Аннотация:A Six - Layer One - Dimensional Soil - Vegetation - Atmosphere - Transfer model (SLODSVAT) has been developed and designed to estimate the surface - atmosphere sensible heat, water vapour and carbon dioxide exchanges at the vegetation-atmosphere interface by explicitly formulating ecophysiological, hydrological and meteorological controls in patch oriented scales. The SLODSVAT allows to successfully couple processes on leaf, plant and stand levels and provides a realistic description of surface properties in respect to environmental changes. The general concept makes it possible to apply the SLODSVAT to various vegetation types.
The SLODSVAT consists of interrelated submodels that simulate: the radiation, water vapour, sensible heat, carbon dioxide and momentum transfer in two canopy layers determined by environmental conditions and ecophysiological properties of the vegetation; uptake and storage of water in the "roots-stem-leaves" system of the plants; interception of rainfall by two canopy layers and runoff, infiltration and storage of rain water in four soil layers.

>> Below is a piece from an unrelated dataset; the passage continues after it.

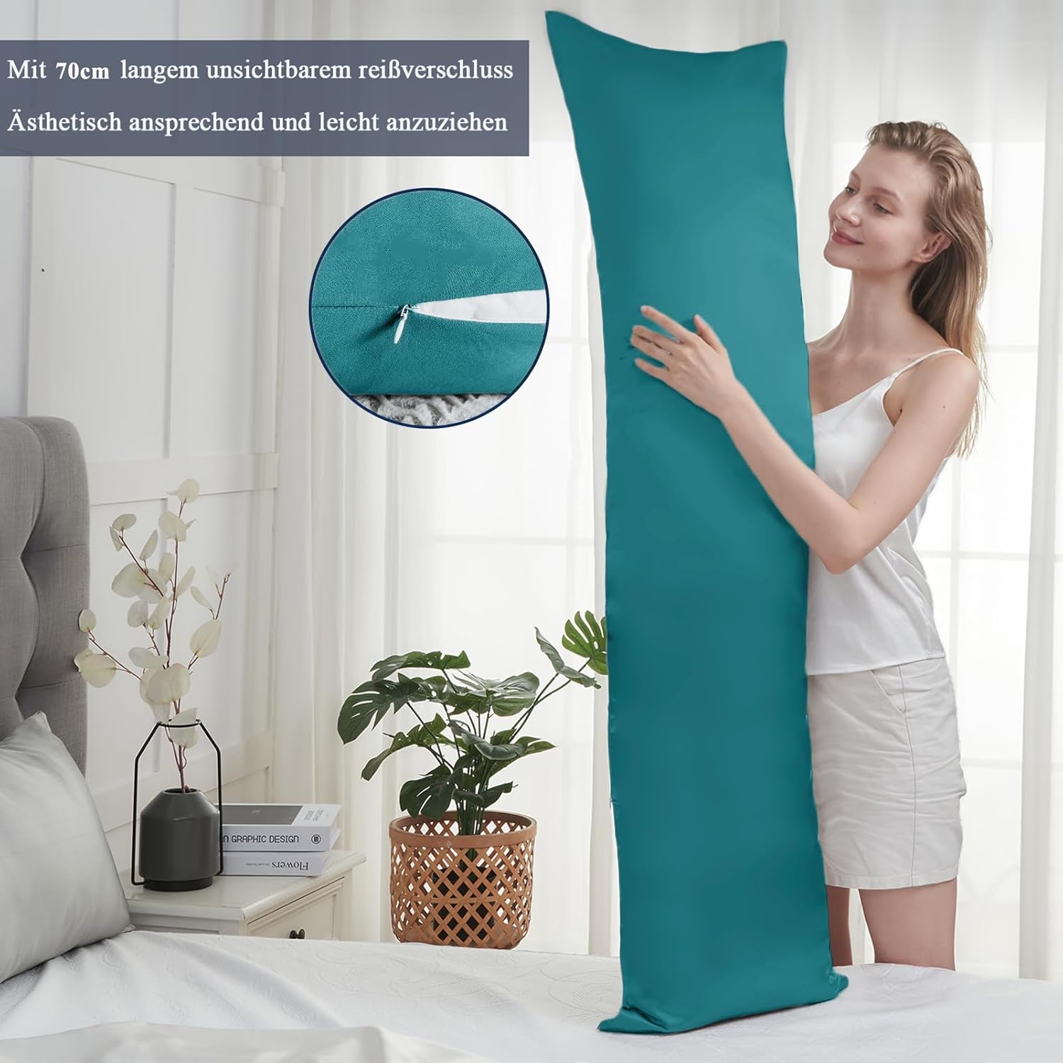 Калъфка за възглавница Vielit за спане настрани 40 x 145 см, Комплект от 2 калъфки за възглавници, Калъфка за възглавница за спане настрани, Меки калъфки за възглавници, със сертификат OEKO-TEX, Петрол

A comparison of the results of modelling experiments and field microclimatic observations in a spruce forest (Picea abies [L].Karst) in the Solling hills (Germany) shows, that the SLODSVAT can describe and simulate the short-term and long-term (from one hour to several months) variability of water vapour and sensible heat fluxes adequately to natural processes under different environmental conditions. It proves that it is possible to estimate and predict the transpiration and evapotranspiration rates for spruce forest ecosystems on the patch scale for one vegetation period, if certain meteorological, botanical and hydrological information for the structure of the atmospheric boundary layer, the canopy and the soil are available.